Leading in low carbon hydrogen

‘Blue’ hydrogen is made from natural gas with the associated CO2 emissions captured and stored away. Here too, we have leading technology to produce low carbon hydrogen that uses less natural gas, allows more than 95% of the CO2 to be captured, and costs less than the other options. The technology won us a prestigious IChemE Energy Award in 2020.

We are now commercialising that technology at scale and using it in the UK’s two flagship clean hydrogen projects – HyNet and Acorn.

Building towards the green revolution

‘Green’ hydrogen, meanwhile, is made using renewable energy, such as solar or wind, and water electrolysis. While this method is not as mature, it has the potential to help some of our biggest, hard-to-decarbonise industries reach their net zero targets.

Electrolysis and fuel cells share a lot of similar technologies, so we’re using our metals and catalysis expertise to develop the next generation of electrolyser catalyst coated membranes and help commercialise the production of green hydrogen.


Case study

Enabling the transition to the hydrogen economy

Whether it’s blue or green, hydrogen will play a pivotal role in decarbonising our societies. By 2050 we’ll need eight times more hydrogen than we produce today.

JM’s experience in grey hydrogen production, methanol process technology and fuel cells mean we’re perfectly positioned to lead in both.

This year we made leaps in the commercialisation of our green hydrogen solutions.

We appointed Eugene McKenna as our first Managing Director of green hydrogen. He moved from his role leading business development, strategy and innovation within JM’s Efficient Natural Resources Sector, where he focused on a pipeline of innovative low carbon technologies including those for clean hydrogen.
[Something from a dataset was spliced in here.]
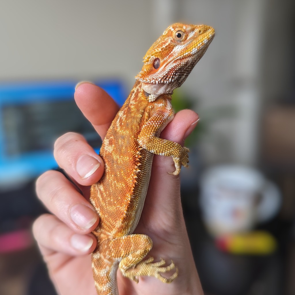 Opal was transferred to Jelly Exotics from a small animal rescue in October 2020, as a 1.5 year old silk-back bearded dragon. He was bred to not have any scales, which leads to a number of health problems, such as shedding problems, swollen eyes and sight impairment. He receives regular baths to assist his shedding, and has to be hand fed. He attends events to educate the public on silk-backs and the issues they face.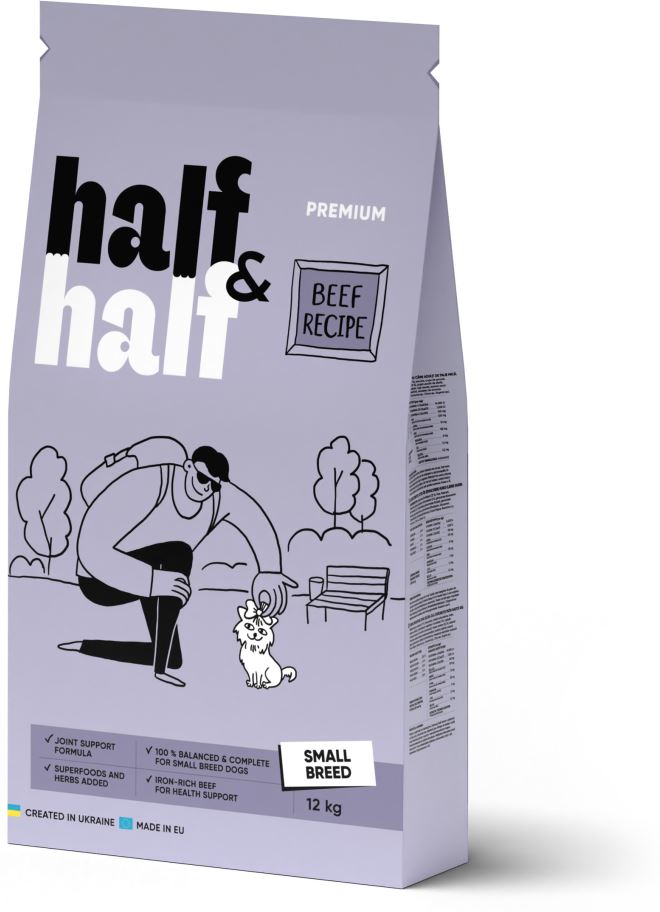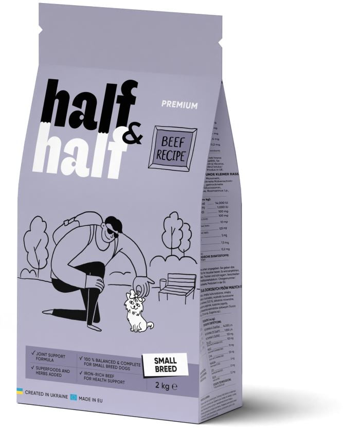 HALF&HALF Hrană uscată pt câini de talie mică, cu VităHrană uscată completă pentru câini adulţi de talie mică şi foarte mică, cu greutatea cuprinsă între 1 şi 10kg. Oferă câinelui nutrienţii necesari pentru o viaţă sănătoasă şi activă. Îmbogăţită cu fructe, legume, condroprotectori şi plante medicinale, reţeta Half&Half asigură o nutriţie şi un gust excelent în fiecare porţie. BENEFICII:· Proteina din vită este completă, ajută la saţietate şi menţine o condiţie fizică şi greutate corporală optime. · Tărâţele nu sunt doar bogate în vitaminele B, ca fibre brute îmbunătăţesc digestia, peristaltismul intestinal şi ajută la eliminarea toxinelor din organism. · Sfecla şi broccoli ajută la îmbunătăţirea şi optimizarea proceselor de digestie şi susţin sănătatea intestinului. · Glucozamina şi sulfatul de condroitină ajută la întărirea şi sănătatea articulaţiilor, cartilajelor şi mobilităţii. · Amestecul de plante medicinale are grijă de imunitatea puternică a animalului de companie.COMPOZIȚIE: vită deshidratată 27%, porumb, tărâţe de grâu, uruială din porumb, grâu, ficat de pui hidrolizat 2%, pulpă de sfeclă uscată, grăsime de vită 0,5%, minerale, broccoli uscat, roşii uscate, spanac uscat, afine uscate, glucozamină, sulfat de condroitină, amestec de extracte de plante (Yucca Mojave, Rosmarinus sp., Curcuma sp., Citrus sp., Eugenia sp.). CONSTITUENTI ANALITICI: proteine 23%, conţinut de grăsimi 9%, cenuşă brută 7,5%, fibre brute 4,5%, umiditate 9%. ADITIVI/KG: Aditivi nutriţionali: vitamina A (3a672a) 14000UI, vitamina D3 (3a671) 1000UI, vitamina E (3a700) 100mg; Oligoelemente: fier (3b103) 100mg, cupru (3b405) 10mg, zinc (3b605) 125mg, mangan (3b503) 5mg, iod (3b202) 1,5mg, seleniu (3b801) 0,2mg. ENERGIE METABOLIZABILĂ: 3352 kcal/kg.INDICAȚII DE HRĂNIRE ŞI CONDIȚII DE PĂSTRARE: Câinele trebuie să aibă tot timpul la dispoziţie apă proaspătă de băut. A se păstra la loc uscat şi răcoros.CANTITATEA ZILNICĂ RECOMANDATĂ: Greutatea corporală a câinelui în kg=cantitatea de produs în grame/zi: 1-2 Kg= 33-55 g2-3 Kg= 55-75 g3-4 Kg= 75-93 g4-5 Kg= 93-110 g5-6 Kg= 110-126 g6-8 Kg= 126-157 g8-10 Kg = 157-185 g

We also announced new green hydrogen capacity for the production of catalyst coated membranes. This capacity is co-located with JM’s cutting edge plant in Swindon, UK, where high performance fuel cell components including membrane electrode assemblies, catalyst coated membranes, and fuel processor catalysts are produced at scale.

The development will enable tens of megawatts of green hydrogen production, with the ability to scale up to multi-gigawatt production with market growth.